I Am the Bread of Life
Notes
Transcript
John 6:30-36
Introduction
Introduction
Who’s hungry for lunch yet? Do you know what you’re having for lunch? Maybe Sofia’s or El Sombrero? Or are you going over to someone’s house after church?
Whatever your plans are, we all have plans to eat somewhere. Why? Because our bodies need food and sustenance to keep us going. So now that I’ve got you hungry thinking about lunch, we are in the same frame of mind that the audience Jesus is speaking to is in. The day before, Jesus was teaching a large crowd of over 5,000 people and in the middle of his teaching they got hungry. So Jesus provided something for everyone to eat by taking a small boy’s lunch. The disciples didn’t know how Jesus was going to feed such a large crowd with such a small amount of food, two fish and five loaves of bread. But as Jesus prayed blessings over it, He began to break it apart and it multiplied so much it fed everyone til they were full with twelve baskets left over. The boy had a lot more food to take home to his mom than what she sent him out with. This was a huge miracle Jesus performed for them and was one of the signs He performed to show who He truly was. Now a day has passed and the people are thinking, it’s time to eat again, I’m hungry, and Jesus has already provided a miraculous meal for us, so surely He can do it again. So they start looking for him. They finally found him on the other side of the sea. And this is where we pick up in verse 26:
Read John 6:26-36
Jesus answered, “Truly I tell you, you are looking for me, not because you saw the signs, but because you ate the loaves and were filled. Don’t work for the food that perishes but for the food that lasts for eternal life, which the Son of Man will give you, because God the Father has set his seal of approval on him.”

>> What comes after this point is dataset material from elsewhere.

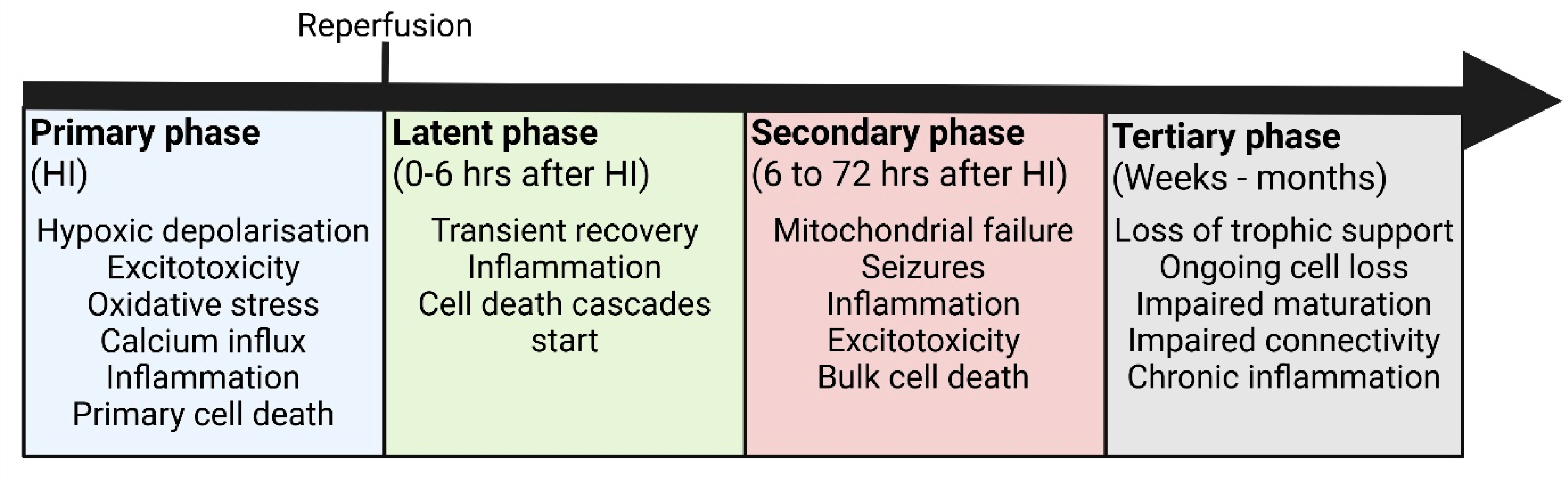 - Necroptotic signalling starts soon after hypoxia–ischaemia, remains active into the tertiary phase and is only partly suppressed by hypothermia.

“What can we do to perform the works of God?” they asked.
Jesus replied, “This is the work of God—that you believe in the one he has sent.”
“What sign, then, are you going to do so that we may see and believe you?” they asked. “What are you going to perform? Our ancestors ate the manna in the wilderness, just as it is written: He gave them bread from heaven to eat.”

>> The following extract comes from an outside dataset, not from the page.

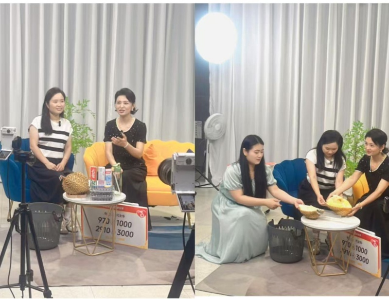 營(yíng)銷官魏杰從商之都的發(fā)展歷程、企業(yè)理念娓娓道來(lái),逐步深入到品牌核心價(jià)值,同時(shí)也重點(diǎn)推薦了商之都推出的大額消費(fèi)券,優(yōu)惠力度誠(chéng)意滿滿。在談到紅府超市時(shí),魏杰也如數(shù)家珍,將每款產(chǎn)品的特色亮點(diǎn)生動(dòng)呈現(xiàn)。最令人眼前一亮的當(dāng)屬現(xiàn)場(chǎng)剝榴蓮環(huán)節(jié),魏杰手法嫻熟,將金黃軟糯的果肉展示給屏幕前的觀眾,還不忘分享挑選優(yōu)質(zhì)榴蓮的小竅門,瞬間拉近了與消費(fèi)者的距離。
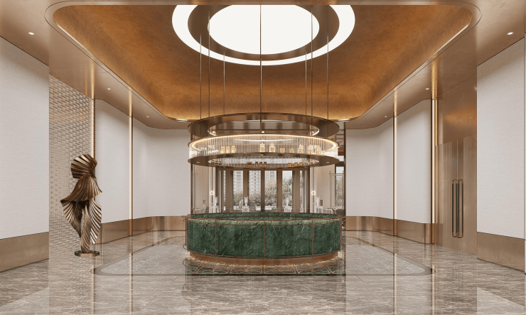 ▲星级恢弘的华尔道夫酒店式小区入户、双精装单元入户,精奢品质感不彰自显

Jesus said to them, “Truly I tell you, Moses didn’t give you the bread from heaven, but my Father gives you the true bread from heaven. For the bread of God is the one who comes down from heaven and gives life to the world.”
Then they said, “Sir, give us this bread always.”
“I am the bread of life,” Jesus told them. “No one who comes to me will ever be hungry, and no one who believes in me will ever be thirsty again. But as I told you, you’ve seen me, and yet you do not believe.
In John’s account of the Gospel, you have seven of these recorded statements of Jesus where Jesus begins with this phrase, “I am”. These are going to be profound statements that John is going to use to help show who Jesus was and why He came. As we enter into this Easter season, we are going to take a look at these seven statements as we come to Christ in worship and trust.
To give a background for these “I Am” statements and to understand their impact, we have to understand where these words are actually coming from. When Jesus says the words “I Am” in the Greek, He is actually using two Greek words that become a clumsy grouping. Ἐγώ εἰμι – Ego Eimi. Ego means “I” and Eimi means “I Am”. So He’s not just saying “I am”. He’s saying “I, I am.” People would not use these two words together for it is clumsily redundant. They would just say Eimi to communicate “I am.” However, there’s something deeper going on here.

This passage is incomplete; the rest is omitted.